Smartphone Vibrometric Force Estimation for Grip Related Strength Measurements
Colin Barry, Edward Jay Wang
TL;DR
This work investigates a smartphone-only method to estimate grip-related force using Vibrometric Force Estimation (VFE), leveraging a phone's vibration motor and IMU. By profiling a Google Pixel 4 with synchronized ground-truth force data, the authors train ridge regression models to predict absolute and relative grip force from high-frequency IMU signals. In a 15-fold hold-one-out evaluation, absolute force MAE is 1.88 lbs and relative force MAE is about 10%, demonstrating feasibility of a pinch-style proxy for HGS on a mobile device. The approach enables scalable, low-burden functional health measurements after per-model profiling, with potential clinical and rehabilitation applications while highlighting areas for future refinement and broader smartphone coverage.
Abstract
Hand grip strength is a widely used clinical biomarker linked to mobility, frailty, surgical outcomes, and overall health. This work explores a novel, phone only approach for estimating grip related force using a smartphone's built in vibration motor and inertial measurement unit.
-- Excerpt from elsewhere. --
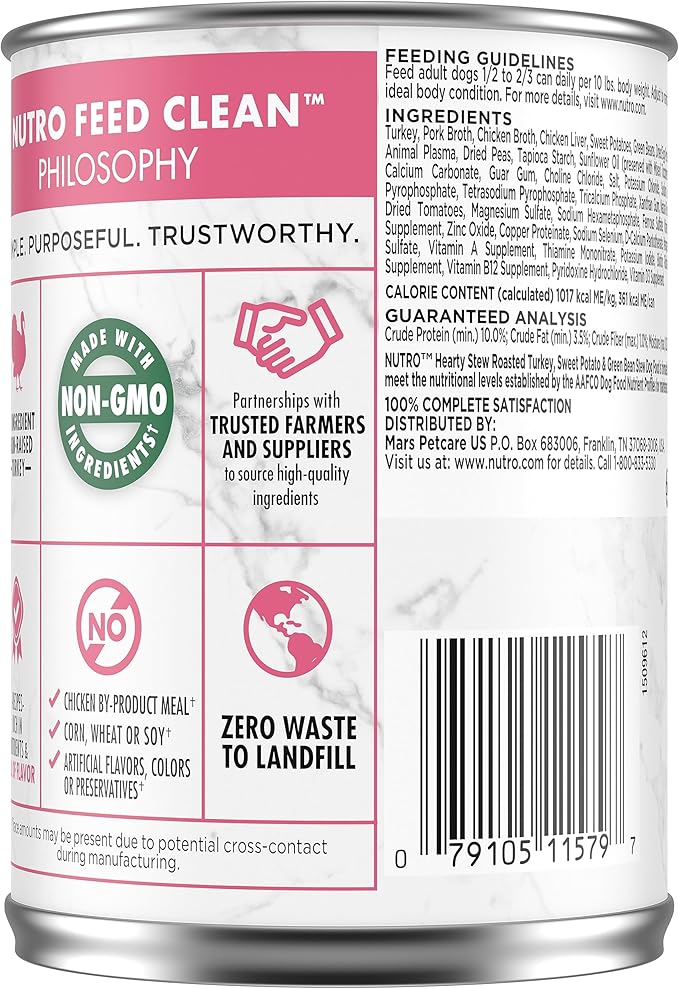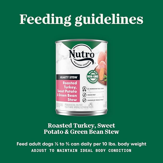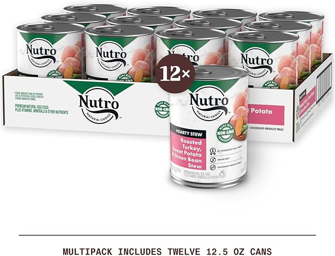 • Pack of 12 Cans: Contains twelve (12) 12.5 oz. cans of NUTRO HEARTY STEW Adult Natural Grain Free Wet Dog Food Cuts in Gravy Roasted Turkey, Sweet Potato & Green Bean Stew

When the phone vibrates, applied finger force modulates the amplitude of high frequency accelerometer and gyroscope signals through Vibrometric Force Estimation. We profiled a Google Pixel 4 using synchronized IMU data and ground truth force measurements across varied force trajectories, then trained ridge regression models for both absolute and relative force prediction. In 15 fold hold one out validation, absolute force estimation achieved a mean absolute error of 1.88 lbs, while relative force estimation achieved a mean error of 10.1%. Although the method captures pinch type force rather than standardized full hand HGS, the results demonstrate the feasibility of smartphone based strength assessment using only on device sensors. This approach may enable large scale, low burden functional health measurements once profiling is completed for major smartphone models.